_WHAT THIS TASK INVOLVES_
Your answer must be exactly the lines from the one containing "在热烈的掌声中,我校常务副校" through the end of the material, both ends included, without pictures.

_DATA SECTION_
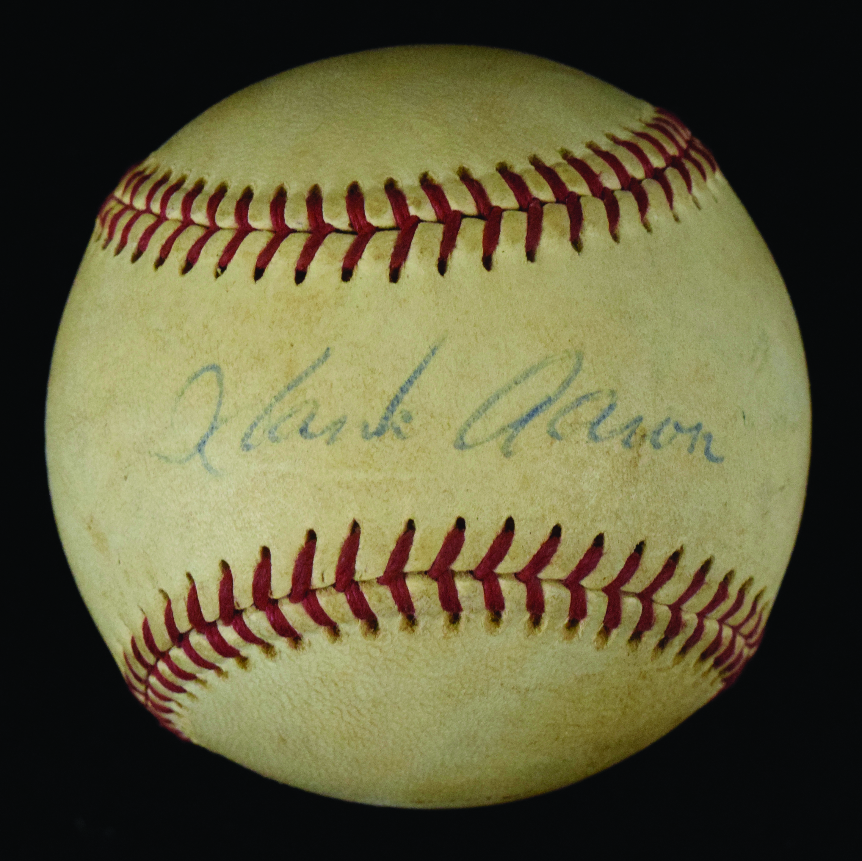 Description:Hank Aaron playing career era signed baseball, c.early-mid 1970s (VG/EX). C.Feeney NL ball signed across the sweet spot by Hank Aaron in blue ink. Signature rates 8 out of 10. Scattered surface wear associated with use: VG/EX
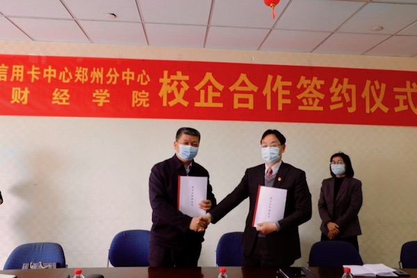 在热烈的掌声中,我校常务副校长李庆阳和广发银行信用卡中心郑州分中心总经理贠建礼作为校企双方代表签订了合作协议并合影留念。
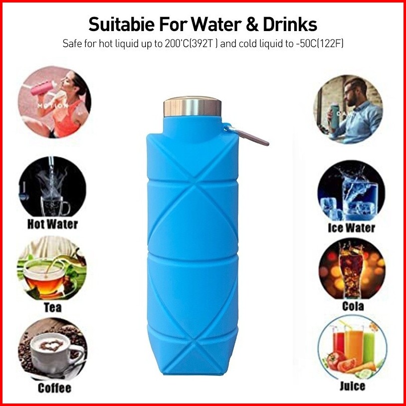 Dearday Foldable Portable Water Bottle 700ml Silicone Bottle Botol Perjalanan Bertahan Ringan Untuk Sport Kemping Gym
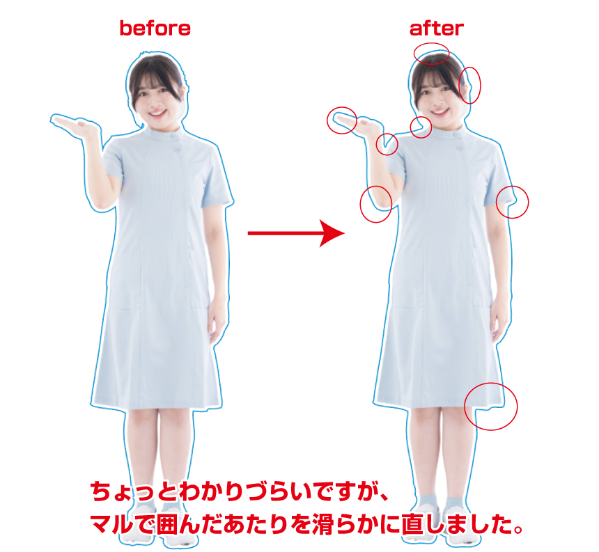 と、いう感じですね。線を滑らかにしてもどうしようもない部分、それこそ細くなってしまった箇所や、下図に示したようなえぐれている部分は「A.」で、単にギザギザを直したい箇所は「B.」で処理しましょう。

_ANSWER_
 在热烈的掌声中,我校常务副校长李庆阳和广发银行信用卡中心郑州分中心总经理贠建礼作为校企双方代表签订了合作协议并合影留念。
 Dearday Foldable Portable Water Bottle 700ml Silicone Bottle Botol Perjalanan Bertahan Ringan Untuk Sport Kemping Gym
 と、いう感じですね。線を滑らかにしてもどうしようもない部分、それこそ細くなってしまった箇所や、下図に示したようなえぐれている部分は「A.」で、単にギザギザを直したい箇所は「B.」で処理しましょう。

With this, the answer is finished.